There’s going to be a museum for your failed relationships

LA’s Museum of Broken Relationships will be filled with things donated by couples who’ve broken up

When you break up with someone, your biggest concern (aside from how best to steal your mutual friends) is usually, What do I do with all the stuff they gave me? Obviously, you’re going to want to keep all the expensive gifts, but what about the low-level stuff that meant something to you both once? The toy elephant they gave you when you moved into your new flat? The keyring they brought you back from Las Vegas? The customised card they made you for your first anniversary?

Of course, the correct answer to all of these things is, in the bin. Anyone who holds on to trinkets from their ex is weird, or not over them, or both. But what if there was another option? What if you didn’t have to throw away the detritus of your failed relationships? What if you could immortalise them in a museum instead?

LA Weekly reports that a Museum of Broken Relationships will be opening this May in the city. This isn’t actually the first museum of its kind, however. In 2010, Croatian artists Olinka Vištica and Dražen Grubišic opened the first museum in Zagreb, and have subsequently hosted exhibitions around the world. Their second permanent museum will be opening on Hollywood Boulevard in LA, featuring exhibits from the Croatian museum as well as more locally sourced relationship paraphenalia.

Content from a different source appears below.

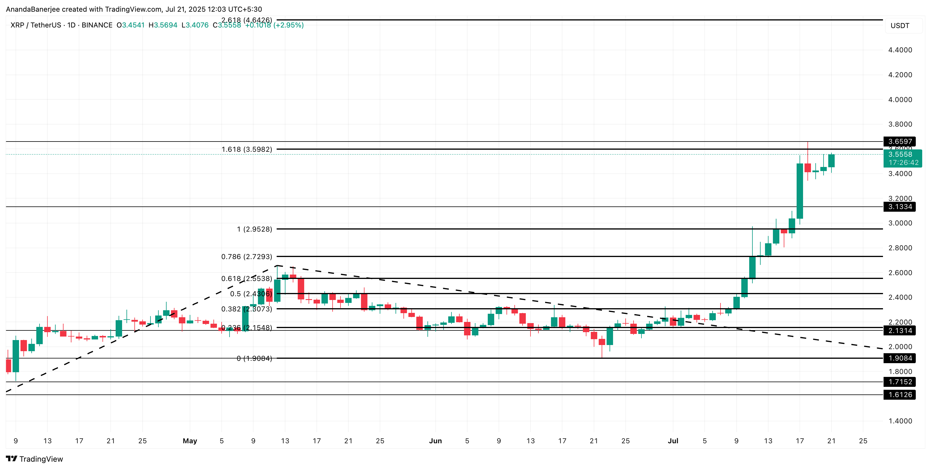 XRP fiyatı, %21’lik haftalık kazançlarını koruyarak 3,66 Dolarlık yeni bir tüm zamanların en yüksek seviyesine ulaştıktan sonra 3,50 Dolar civarında soğudu.

The Museum of Broken Relationships has put out a call for submissions: “If you’ve wished to unburden the emotional load by erasing everything that reminds you of that painful experience by throwing it all away – don’t. Give it to us. Submit your object to the Museum and take part in the creation of collective emotional history.”

The museum is aiming to host around 100 items, each of which will be accompanied by text explaining the significance of the item in the context of the relationship break-up. Ironically, the founders – Vištica and Grubišic – actually used to date, although it’s not known whether any of their relationship artefacts will feature in the museum. 

It’s rarely a museum concept comes about that I’m totally on board with, but on this one – I’m sold. It's so much more environmentally friendly then just throwing everything away, in any case.